Impact of the dependency between samples on cross-validation test score estimates¶

In [1]:

import numpy as np
from sklearn.datasets import load_digits

In [2]:

digits = load_digits()
X, y = digits.data, digits.target

The digits dataset of scikit-learn is the test set of the UCI optdigits dataset. Apparently consecutive samples are more likely to stem from the same writer on this dataset. Hence the samples are not independent and identically distributed (iid) as different writing styles grouped togethers effectively introduce a dependency.

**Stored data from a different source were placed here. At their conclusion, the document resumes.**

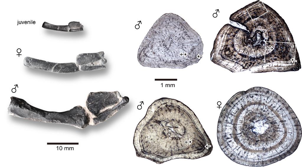 通過(guò)對比幼年個(gè)體、青春期個(gè)體及成年個(gè)體骨組織,分析骨密度和生長(cháng)速率,研究團隊得出了貴州龍在青春期快速生長(cháng)的結論,獲得了貴州龍青春期發(fā)育開(kāi)始和終止的信息:青春期雄性個(gè)體的肱骨逐漸形成了三角形中軸截面,而雌性和幼年個(gè)體肱骨中軸截面一直保持橢圓形。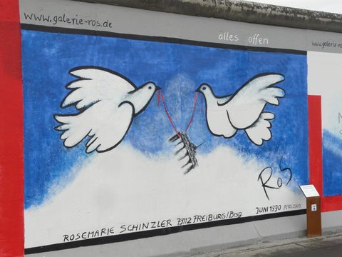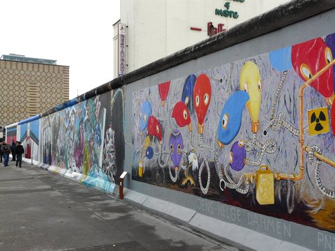 Mauer (999 Meter). Zwischen Januar und September 1990 wurde diese Originalmauer in einer spontanen Kunstaktion von 118 Künstlern aus 21 Ländern mit großformatigen Wandbildern bemalt und unter Eastside Gallery überregional bekannt. Diese größte Open Air Gallery der Welt dokumentierte die Freude und Euphorie der Künstler, dass die Mauer als Symbol der Unfreiheit überwunden werden konnte.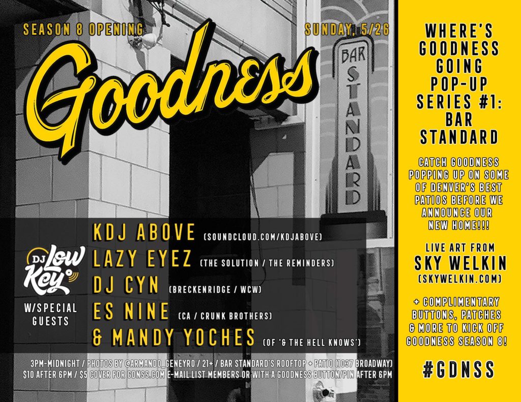 Posted on May 24, 2019Sunday, 5/26 from 3pm to midnight -> #WheresGoodnessGoing Pop-Up #1 on Bar Standard’s Rooftop w/DJ Low Key & special guests KDJ Above, DJ Lazy Eyez, DJ Cyn, Es Nine & a special performance from Mandy Yoches!!! Live art from Sky Welkin, photos by Armando Geneyro & more to kick off season 8!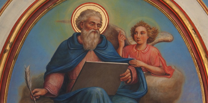 São Mateus era um cobrador de impostos, profissão pouco bem conceituada. Jesus chamou-o a segui-lo. É o próprio Mateus que, de modo muito simples, nos conta a sua conversão (cf. Mt 9, 1-9). Lucas evidencia o banquete oferecido por Mateus, em que Jesus está presente e revela o seu amor misericordioso pelos pecadores. Dotado de certa cultura, Mateus foi o primeiro a recolher por escrito os acontecimentos da vida de Jesus, que testemunhara, agrupando-lhe nesse quadro os ensinamentos do Mestre. O seu evangelho, escrito entre os anos 62 e 70, é especialmente destinado aos seus compatriotas judeus. Apresenta Jesus como o novo Moisés, aquele que dá ao novo Povo de Deus a nova lei do amor. Mateus dá também grande atenção à Igreja que Jesus convoca, salva e institui.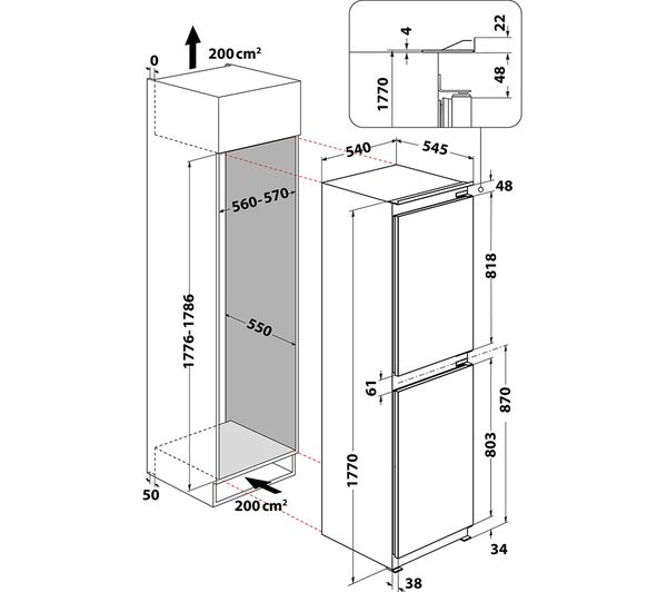 Technical specifications for HOTPOINT Low Frost HMCB 50502 UK Integrated 50/50 Fridge Freezer – Sliding Hinge

Unfortunately the exact per-sample authorship metadata has not be kept in the optdigits dataset.

This is highlighted by the fact that shuffling the data significantly affects the test score estimated by K-Fold cross-validation. Let us build a model with non-optimal parameters to highlight the impact of dependent samples:

In [3]:

from sklearn.svm  import SVC

model = SVC(C=10, gamma=0.005)

In [4]:

from sklearn.cross_validation import cross_val_score

def print_cv_score_summary(model, X, y, cv):
    scores = cross_val_score(model, X, y, cv=cv, n_jobs=-1)
    print("mean: {:3f}, stdev: {:3f}".format(
        np.mean(scores), np.std(scores)))

KFold does not shuffle the data by default hence takes the dependency structure of the dataset into account for small number of folds such as k=5:

In [5]:

from sklearn.cross_validation import KFold

cv = KFold(len(y), 5)
print_cv_score_summary(model, X, y, cv)

mean: 0.901543, stdev: 0.037016

If we shuffle the data, the estimated test score is much higher as we hide the dependency structure to the model hence we cannot detect the overfitting caused by the author writing styles:

In [6]:

cv = KFold(len(y), 5, shuffle=True, random_state=0)
print_cv_score_summary(model, X, y, cv)

mean: 0.968836, stdev: 0.007350

In [7]:

cv = KFold(len(y), 5, shuffle=True, random_state=1)
print_cv_score_summary(model, X, y, cv)

mean: 0.967725, stdev: 0.004847

In [8]:

cv = KFold(len(y), 5, shuffle=True, random_state=2)
print_cv_score_summary(model, X, y, cv)

mean: 0.966622, stdev: 0.010217

There is almost 7% discrepancy between the estimated score probably caused by the dependency between samples.

Those shuffled KFold cv scores are in-line with equivalent ShuffleSplit:

In [9]:

from sklearn.cross_validation import ShuffleSplit

cv = ShuffleSplit(len(y), n_iter=5, test_size=0.2, random_state=0)
print_cv_score_summary(model, X, y, cv)

mean: 0.971667, stdev: 0.007115

In [10]:

cv = ShuffleSplit(len(y), n_iter=5, test_size=0.2, random_state=1)
print_cv_score_summary(model, X, y, cv)

mean: 0.973333, stdev: 0.003333

In [11]:

cv = ShuffleSplit(len(y), n_iter=5, test_size=0.2, random_state=2)
print_cv_score_summary(model, X, y, cv)

mean: 0.958333, stdev: 0.008784

Note that StratifiedKFold sorts the samples by classes prior to computing the folds hence breaks the dependency too (at least in scikit-learn 0.14):

In [12]:

from sklearn.cross_validation import StratifiedKFold

cv = StratifiedKFold(y, 5)
print_cv_score_summary(model, X, y, cv)

mean: 0.969404, stdev: 0.010674